Art. 668 of the NCC provides for the period of prescription for the acquisition of an easement of
light and view which shall be counted:

(1) From the time of the opening of the window, if it is through a party wall; or

(2) From the time of the formal prohibition upon the proprietor of the adjoining land or
tenement, if the window is through a wall on the dominant estate.

In the present case, there was no formal prohibition evident as required by law. This
should have been done by means of an instrument acknowledged before a notary public.
Romeo should have prohibited Fred from obstructing his light and view, but he did not.

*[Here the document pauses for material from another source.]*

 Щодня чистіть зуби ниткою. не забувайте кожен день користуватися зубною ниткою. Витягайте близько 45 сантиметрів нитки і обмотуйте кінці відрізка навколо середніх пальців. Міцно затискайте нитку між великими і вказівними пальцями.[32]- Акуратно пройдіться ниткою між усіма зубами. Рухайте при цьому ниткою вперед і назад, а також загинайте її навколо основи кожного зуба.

Additionally, Romeo did not adhere to the legal requirement that there should be a
distance of at least two meters between the windows and Fred’s lot, since the view is
direct. Non-observance of this distance does not give rise to prescription.

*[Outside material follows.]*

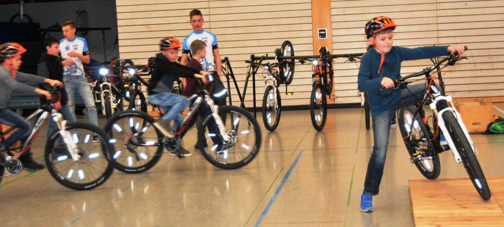 Beim Fahrradparcours der Sport-Fachschaft wurde Körperbeherrschung auf zwei Rädern gezeigt.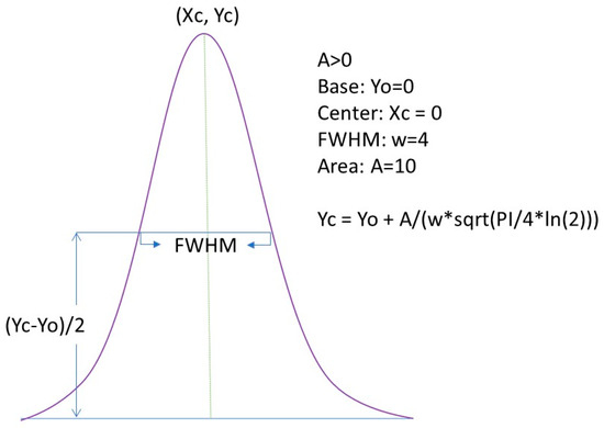 Full width at half maximum (FWHM) Gaussian fit applied to calculate %Area of each IR band detected after the pretreatment of the spectral data. Adapted from OriginPro 2023 manual.

b. The action of Fred against Romeo for the closure of the windows will not prosper.
Under the NCC, the prescription for the bringing of such action shall be 10 years
At present, because more than 10 years has already elapsed from the time of the opening of the
windows of Romeo, Fred’s right of action for its closure has already prescribed.
c. No, the failure of such action is not tantamount to saying that Romeo has already acquired an
easement of light and view. The New Civil Code supports the fact that no one can prevent Fred
from obstructing Romeo’s light and view by constructing a building on his lot or by raising a
wall thereon contiguous to the windows of A.